Where "secret" is the token_hmac_secret_key from Centrifugo configuration (we use HMAC tokens in this example which relies on a shared secret key, for RSA or ECDSA tokens you need to use a private key known only by your backend).

Example: subscribe with JWT

To subscribe with JWT it should be passed to Centrifugo from the client side while making subscription request.

Our bidirectional SDKs provide options to set initial subscription token for Subscription objects as well as an option to set the function to load new subscription token (required to handle refresh of expiring tokens). See examples in client SDK spec.

gensubtoken cli command

During development you can quickly generate valid subscription token using Centrifugo gensubtoken cli command.

./centrifugo gensubtoken -u 123722 -s channel

You should see an output like this:

HMAC SHA-256 JWT for user "123722" and channel "channel" with expiration TTL 168h0m0s:
eyJhbGciOiJIUzI1NiIsInR5cCI6IkpXVCJ9.eyJzdWIiOiIxMjM3MjIiLCJleHAiOjE2NTU0NDg0MzgsImNoYW5uZWwiOiJjaGFubmVsIn0.JyRI3ovNV-abV8VxCmZCD556o2F2mNL1UoU58gNR-uI

But in real app subscription JWT must be generated by your application backend.

Separate subscription token config

When separate_subscription_token_config boolean option is true Centrifugo does not look at general token options at all when verifying subscription tokens and uses config options starting from subscription_token_ prefix instead.

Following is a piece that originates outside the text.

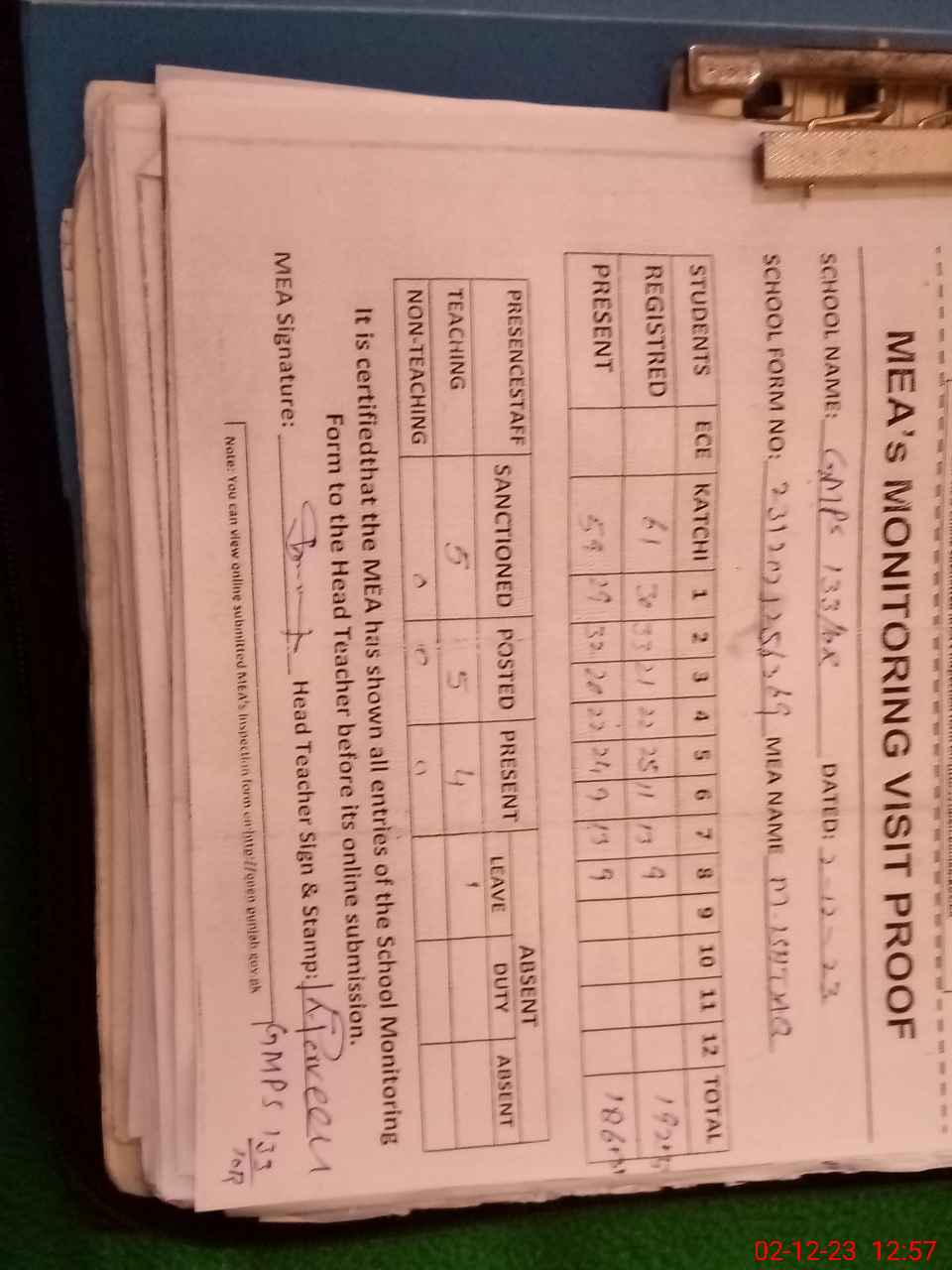 | Attendance Register | Head Teacher | MEA with School | Visit Proof |

Here is an example how to use JWKS for connection tokens, but have HMAC-based verification for subscription tokens:

config.json
{
"token_jwks_public_endpoint": "https://example.com/openid-connect/certs",
"separate_subscription_token_config": true,
"subscription_token_hmac_secret_key": "separate_secret_which_must_be_strong"
}

All the options which are available for connection token configuration may be re-used for a separate subscription token configuration – just prefix them with subscription_token_ instead of token_.